A compreensão da gravidade do aquecimento global sempre dependeu do nosso ponto de referência: qual temperatura consideramos normal para a Terra antes da intervenção humana? Tradicionalmente, o ano de 1850 era o marco para as análises climáticas modernas. No entanto, um novo e revolucionário conjunto de dados, batizado de GloSAT e desenvolvido por cientistas britânicos, está mudando essa perspectiva ao retroceder o período de análise até 1781.
Essa extensão temporal é crucial. Entre 1750 e 1850, a concentração de gases de efeito estufa na atmosfera aumentou em 2,5%, uma elevação que, até então, não havia sido plenamente considerada nos cálculos do aquecimento. O novo registro de temperatura reforça a crescente percepção de que o planeta já aqueceu mais do que os modelos anteriores, baseados no início de 1850, sugeriam.
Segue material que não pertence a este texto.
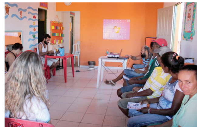
Reunião com grupo de trabalho do Observatório

Executado como projeto do PEAC, o Observatório Social dos Royalties tem, desde o final de janeiro, um grupo de trabalho constituído por representantes das 10 comunidades participantes do projeto, desenvolvido como piloto no município de Pirambu. O grupo tem a finalidade de promover a discussão sobre a distribuição e aplicação dos recursos dos royalties provenientes da produção de petróleo e gás.
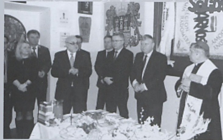
Spotkanie wielkanocne w Zarządzie Regionu - 2016.03.15
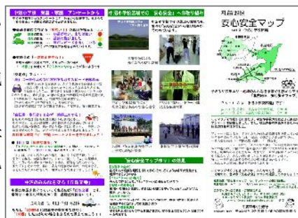
安心安全マップ part.3 中沼小学校区編 2010.04 発行

札苗地区のまちづくり活動を行っている「モエレまちづくり委員会」では、2007年度から3年間をかけて「札苗地区安心安全マップ」を作成しました。2010年4月発行の「part.3 中沼小学校区編」も完成！中沼連町には全戸配布、札苗・東雁来連町には回覧します。これから、地域で、学校で、このマップが活用されることを願っています。
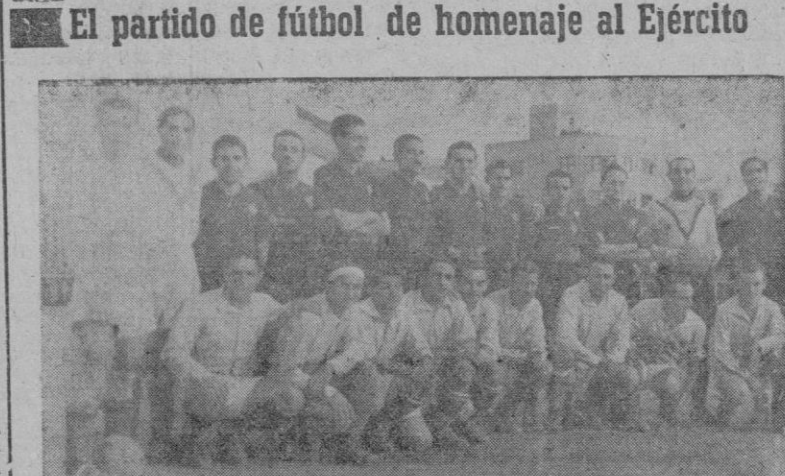
El partido de fútbol de homenaje al Ejército

Reavaliando o Ponto de Partida do Aquecimento
A escolha de 1850 como ano de referência era, em grande parte, uma consideração prática, determinada pela disponibilidade de dados. Contudo, a Revolução Industrial, impulsionada pela máquina a vapor de James Watt em 1769, e o desmatamento para a agricultura, que libera carbono, já indicavam um início anterior para as alterações humanas. Colin Morice, principal autor do estudo GloSAT e cientista do Met Office Hadley Centre no Reino Unido, destaca que “1850 certamente não é o início da industrialização”.
O GloSAT, publicado na Earth System Science Data por 16 cientistas, revela que a Terra era significativamente mais fria do final do século XVIII até 1849, em comparação com o período de 1850-1900, que é a referência usual para o estado “pré-industrial”. Essa diferença sugere que o aquecimento já estava em curso.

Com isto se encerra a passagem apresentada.